Quirk’s version is set in the present with basically the same story about one character walking to Fitchburg and the other one working odd jobs to pay for a train ticket.  The walker enjoys getting there while the worker is miserable.  Though not a raucous comedy, the video does have its funny moments, like when the “worn man in a crowd of worn men” collapses in a box of kitty litter from the exhaustion of menial and meaningless work.

Ambrose Bierce’s An Occurrence at Owl Creek Bridge is set during the Civil War.  The original story is about a Confederate sympathizer who is about to be hanged but manages to escape and return home to his wife.  As he rushes toward her, he feels a searing pain in his neck, and it’s revealed that his escape was only a dream and his death is the reality.  This storyline and surprise ending have been reworked in such TV shows and movies as The Twilight Zone and Jacob’s Ladder

Quirk’s adaptation is set in today’s Brooklyn with the condemned man about to be hanged for conspiring to blow up the Brooklyn Bridge.  Most of this video chronicles a journey, this time through Brooklyn’s scenic parks and streets.  When the man sees his wife, they rush toward each other and spin around in a gleeful romantic way that’s been parodied in a lot of other movies.  As they go home, the image quickly cuts to a shot of him falling to his death at the end of a string.

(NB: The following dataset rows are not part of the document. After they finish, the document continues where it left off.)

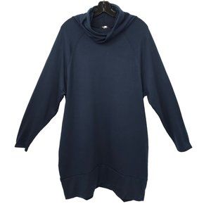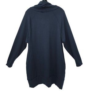 Zeagoo Mock Cowl Neck Knit Dress Womens Size L Blue Long Sleeve Banded Hem HIdden Pockets NEW
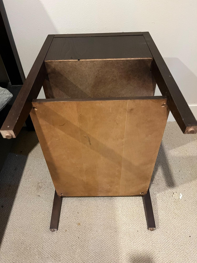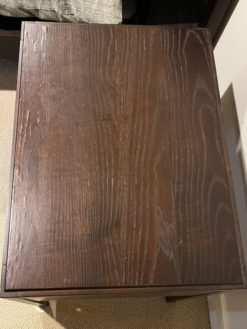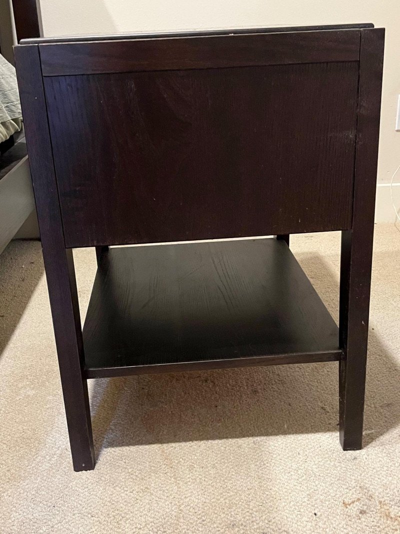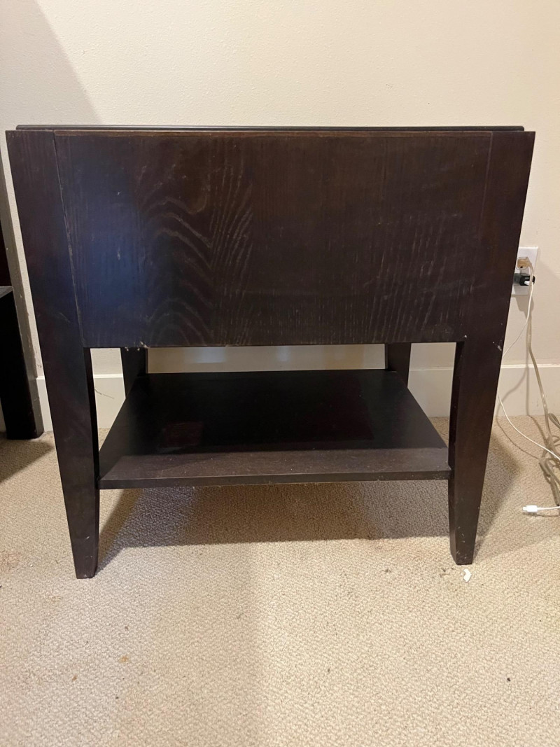 A gorgeous and sleek bedside or couch side table with a storage drawer. Made in Canada underside stamp. There is also a matching Queen Bedframe available in this auction in another lot. Design Features: Rich dark brown finish with clean lines and minimal hardware Flat top surface suitable for use as a lamp stand, accent table, or entryway perch Functionality: Ideal for storing linens, books, tech accessories, or seasonal décor Compact footprint makes it perfect for small-space living, dorms, or multipurpose rooms Condition: Appears structurally sound with light wear consistent with use
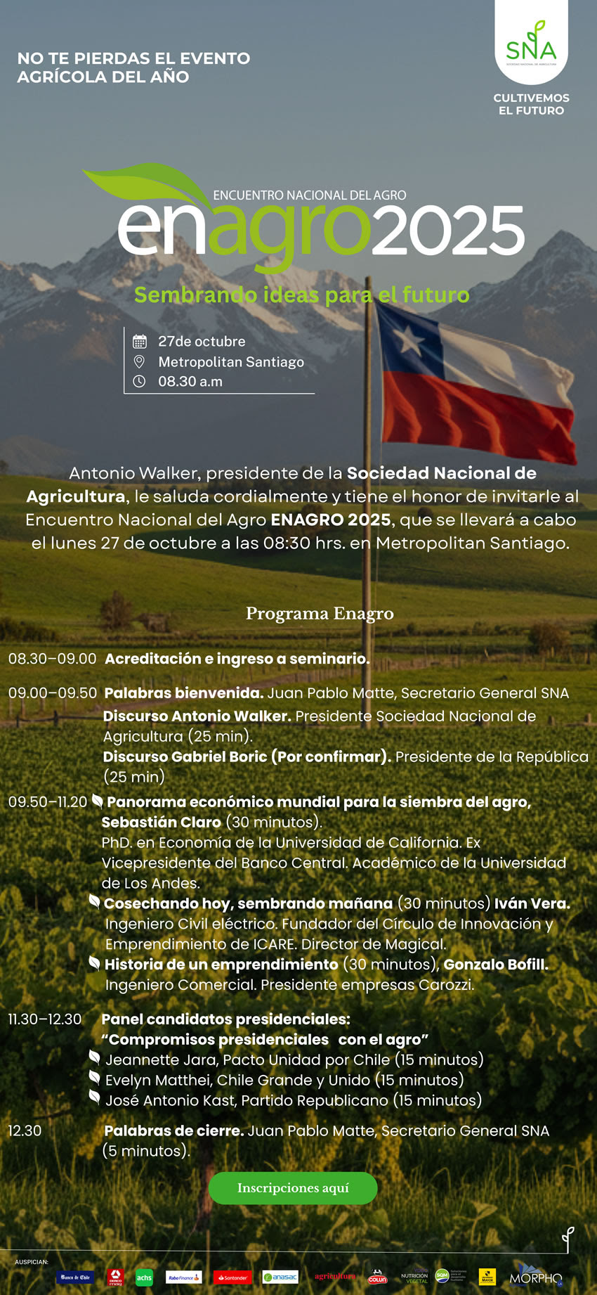 El pasado 27 de octubre, Morpho Latinoamérica participó en ENAGRO 2025, uno de los eventos más relevantes del agro chileno, organizado por la Sociedad Nacional de Agricultura (SNA), en el Metropolitan Santiago, comuna de Vitacura.
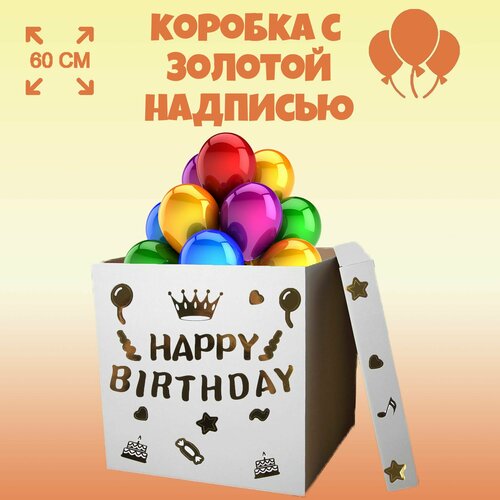 Большая коробка 60х60 см с крышкой. В наборе наклейка с надписью "Happy Birthday" золотистого цвета. Собрать коробку сможет любой для этого понадобится всего одна лента скотча. Время сборки 1 минута! Коробку легко перевозить в разобранном состоянии, помещается в любой автомобиль. Можно использовать как подарочную коробку!
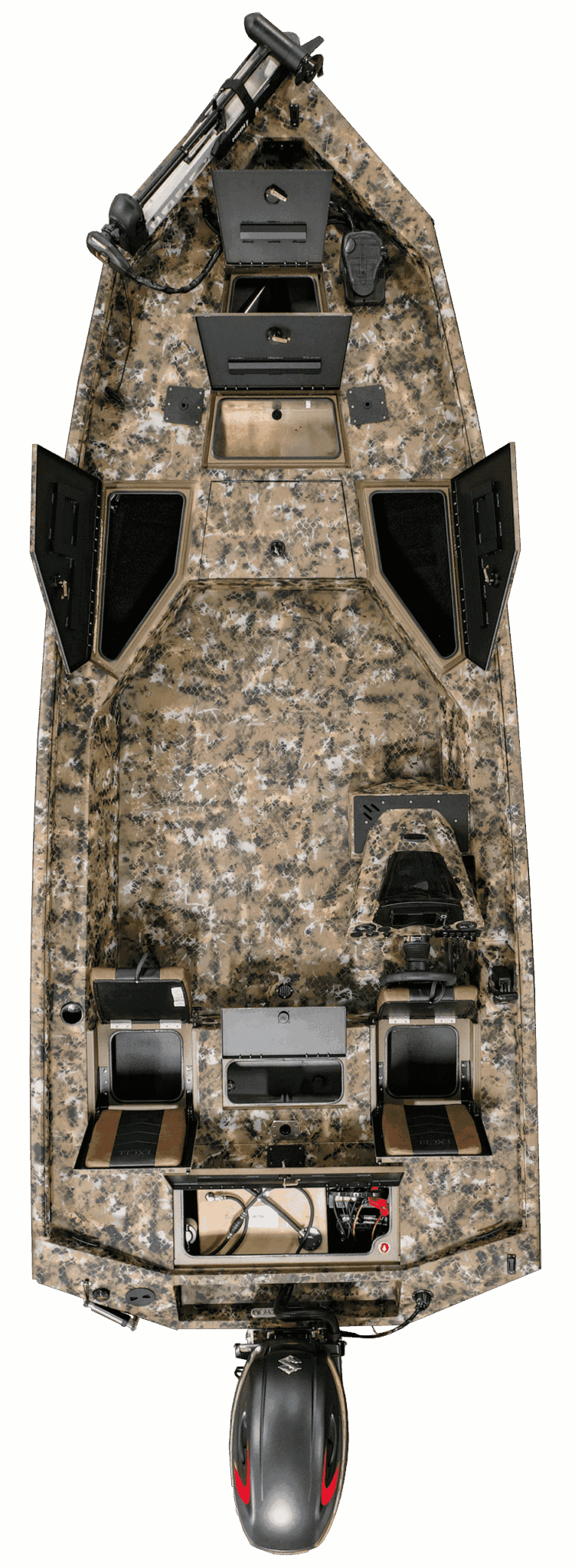 The Bolt isn’t a one-size-fits-all boat. It comes in two champion sizes: the 18′ and the 20′. This lets you choose the perfect fishing partner for your needs. No matter which size you pick, you won’t be cramped on customization. The Bolt offers a bounty of options to outfit your vessel for victory. Rig it up with a top-of-the-line trolling motor for quiet stalking or a fish finder with crystal-clear views to locate hidden honey holes. And there’s ample storage to keep all your essential rods, reels, tackle boxes, and nets organized and within arm’s reach.

The Metamorphosis is Franz Kafka’s famous novella in which traveling salesman Gregor Samsa awakens one morning to find himself transformed into a giant insect.  In Kafka’s austere story of alienation and despair, Gregor can’t communicate with anyone and is neglected by his family members who care only that he can’t support their comfortable lifestyle anymore.  His home becomes a prison where he dies miserably.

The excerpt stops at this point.